Abu Dhabi sovereign investor Mubadala Investment Company plans to significantly expand its presence in Asia, aiming to lift the region’s share of its portfolio to nearly 25% over the next decade as part of a broader diversification drive.
Speaking at Abu Dhabi Finance Week, Mohamed Albadr, Mubadala’s Head of Asia, pointed to a “paradigm shift” across the region, largely fuelled by digitalisation. Asia currently represents about 13% of Mubadala’s $330 billion in assets under management, but Albadr said the goal is to double that exposure over the next five to ten years.
North America still makes up the largest portion of Mubadala’s portfolio at around 40%, but increasing Asian investments from roughly $43 billion could see the total approach $86 billion within a decade.

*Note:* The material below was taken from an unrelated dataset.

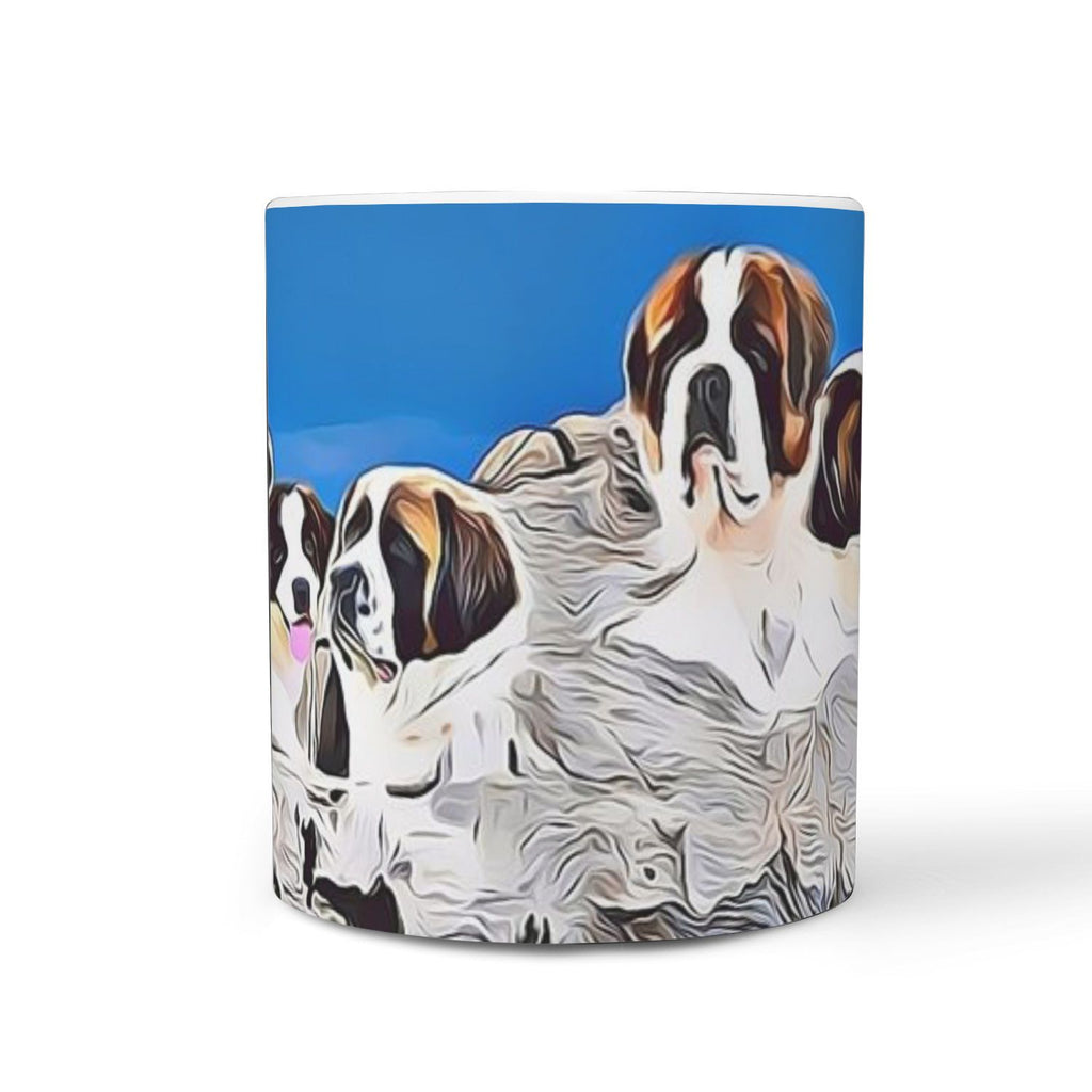 Saint Bernard Dog Mount Rushmore Print 360 White Mug

Albadr said the expansion would follow a multi-pronged strategy, spanning private equity, infrastructure and real estate, as well as investments through its endowment-style platform, the Abu Dhabi Investment Council.
Private equity has been a key engine of growth, with deployment concentrated on large-scale transactions, particularly in late-stage and buyout deals.

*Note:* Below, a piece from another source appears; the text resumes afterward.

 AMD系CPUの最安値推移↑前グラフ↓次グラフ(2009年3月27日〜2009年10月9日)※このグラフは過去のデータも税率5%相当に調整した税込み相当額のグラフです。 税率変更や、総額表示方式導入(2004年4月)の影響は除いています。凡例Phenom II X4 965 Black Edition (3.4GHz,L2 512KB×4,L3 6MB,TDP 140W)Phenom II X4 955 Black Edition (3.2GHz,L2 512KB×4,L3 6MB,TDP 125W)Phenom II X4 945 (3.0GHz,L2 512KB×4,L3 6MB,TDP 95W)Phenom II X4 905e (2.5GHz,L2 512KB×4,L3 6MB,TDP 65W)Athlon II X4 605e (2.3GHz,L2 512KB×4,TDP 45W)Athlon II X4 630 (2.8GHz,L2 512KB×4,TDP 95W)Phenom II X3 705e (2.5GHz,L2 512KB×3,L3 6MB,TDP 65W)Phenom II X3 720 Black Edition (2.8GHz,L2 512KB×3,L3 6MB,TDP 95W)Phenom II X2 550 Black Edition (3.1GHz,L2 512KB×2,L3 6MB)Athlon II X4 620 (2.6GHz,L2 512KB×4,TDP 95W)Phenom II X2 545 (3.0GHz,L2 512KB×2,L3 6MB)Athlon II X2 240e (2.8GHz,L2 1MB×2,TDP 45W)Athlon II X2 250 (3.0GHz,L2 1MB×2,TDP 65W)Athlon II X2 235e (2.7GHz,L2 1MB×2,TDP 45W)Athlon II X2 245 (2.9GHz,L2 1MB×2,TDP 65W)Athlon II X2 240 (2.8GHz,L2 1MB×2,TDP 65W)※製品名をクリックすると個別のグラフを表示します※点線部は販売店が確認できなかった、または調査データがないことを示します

Mubadala’s main Asian focus markets include China, Japan, South Korea and India, which Albadr described as offering a well-developed private equity ecosystem with multiple exit routes through strategic sales or capital markets.

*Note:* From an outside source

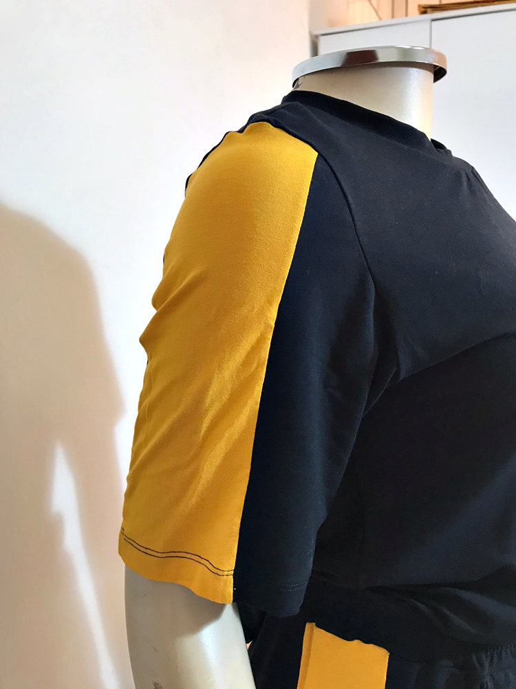 Conjunto de calça em viscolycra, bicolor (amarelo e preto) e manga longa

“China is the centrepiece of our Asia portfolio,” he said, noting that Mubadala has an office in Beijing with 35 staff, alongside a joint-venture office in Hong Kong, reflecting confidence in the market’s ongoing structural reforms.
Recent China investments include Mubadala’s role in a consortium that acquired majority control of Dalian Wanda’s shopping mall unit for $8.3 billion in 2024. In the same year, it also partnered with CBC Group to take full ownership of the carved-out mature China business of UCB Pharma.